Let $(X, d)$ be a metric space and $(x_n)_n$ a convergent sequence in $X$ with $x := \lim_{n \to \infty} x_n$. Denote $A := \{x_n : n \in \mathbb N \}$.
Then it is pretty clear that $\overline{A} = \{x\} \cup A$.
"$\supseteq$": This is clear since $A \subseteq \overline A$ by definition and $x \in \overline A$ since $x$ is a limit point of $A$.
"$\subseteq$": This direction is quite tricky.
I find it hard to give an elegant proof that only shows this inclusion without employing compactness. More precisely, it is rather easy to show that $\{x\} \cup A$ is compact and thus closed. Hence $\overline{A} \subseteq \{x\} \cup A$ since $\overline{A}$ is the smallest closed set that contains $A$.

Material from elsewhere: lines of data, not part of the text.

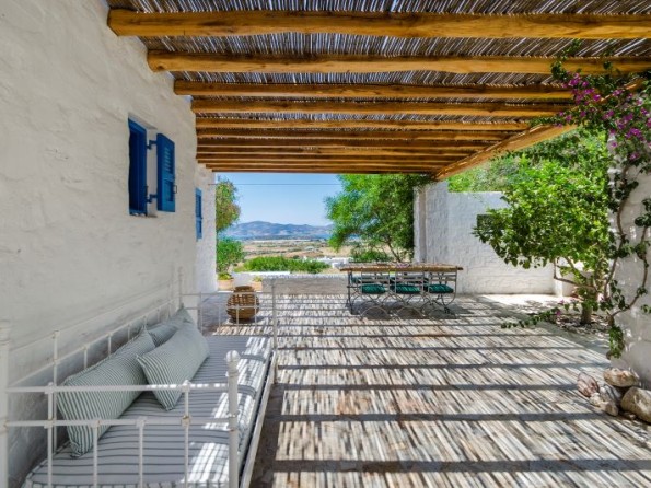 The Olive House offers its guests true seclusion and peace, and is surrounded by spectacular lavender and flowering gardens, and a small private vineyard. Visitors are likely to make a habit of sitting out on the vast flagstone veranda with a glass of wine watching the sun go down. Guests can also enjoy the spectacular views while dining outside at marble tables overlooking the Aegean and the neighbouring island of Antiparos.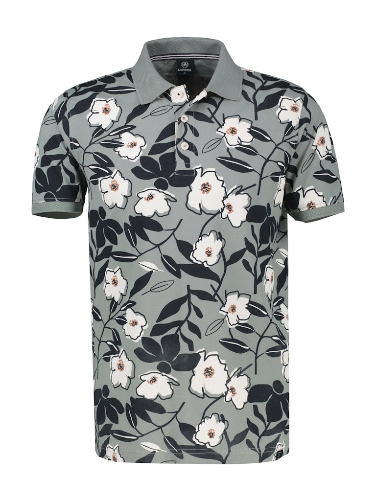 Polo van Lerros in een all-over dessin met korte mouwen en polokraag voorzien van korte knoopsluiting. Materiaal: Katoen 100%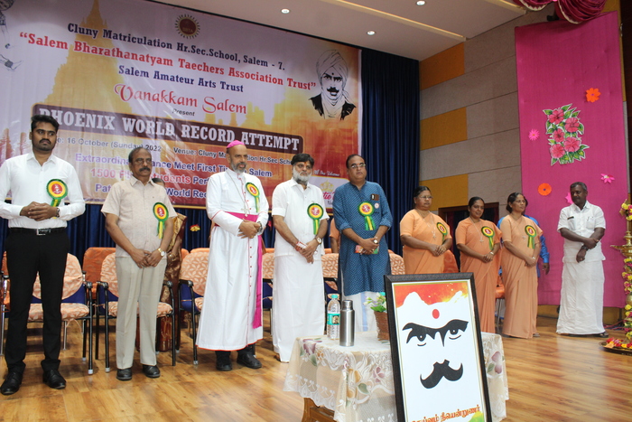 Salem Bharathanatyam Teachers Association Trust conducted the Phoenix World Record Attempt in the Bl. Anne Marie Javouhey Auditorium, Cluny Campus at 10.00 a.m. on 16.10.2022.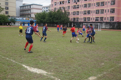 首先,在本次足球赛中,参赛球员以高昂的斗志完美的演绎了足球的无穷魅力与无边激情。在这次比赛中,双方球员以精湛地脚法、完美地盘带、巧妙地过人技术为同学们呈现了一场精彩的足球赛。于此同时,在此次足球赛中也涌现出了很多的足球健儿,他们的存在为球赛升温不少,使得球赛异常的精彩。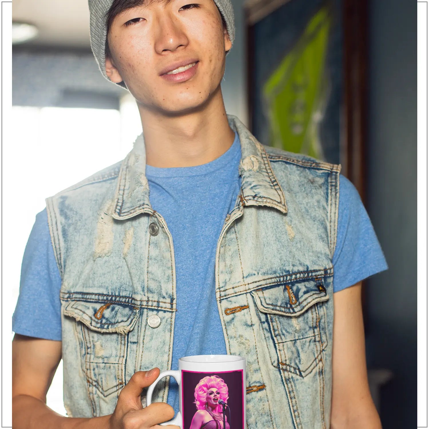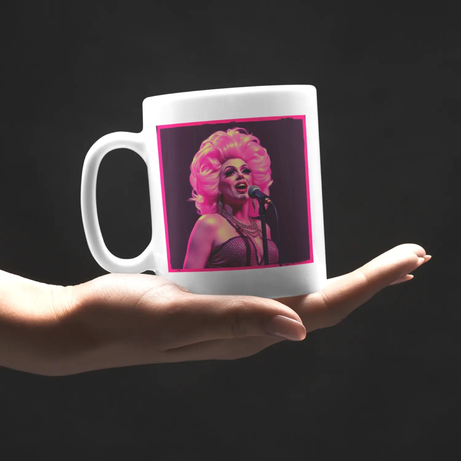 This art mug celebrates the art of drag: A queen in full glamour, blonde curls like Marilyn, sparkling bustier, pearl necklace – and the microphone firmly in hand. She sings, she performs, she is pure joy of life. This is more than just a mug – it is a tribute to all who have the courage to be themselves and shine while doing so.

But that is not what I am after: Suppose that $\overline A \setminus A \neq \emptyset$ and let $y \in \overline A \setminus A$. Can I show that in this case $y = x$ holds just by using the definition of the closure? Since $y \in \overline A$ I would know that for each $\varepsilon > 0$ there is $z \in A$ such that $d(y, z) \leq \varepsilon$. Hence
$$d(x,y) \leq d(x,z) + d(z, y) \leq d(x,z) + \varepsilon.$$
But how can I get $d(x,z) \leq \varepsilon$? Anyhow I need to get an element $z \in A$ that is simultanously close to $x$ and $y$ but I do not quite see how to achieve that. Any thoughts?
Best Answer
For each $k$ there exists (infinitely many) $n_k$ such that $d(y,x_{n_k}) <\frac 1 k$. We may assume that $n_k$ is increasing. This implies that $x_{n_k} \to y$. Together with $x_n \to x$ we get $y=x$.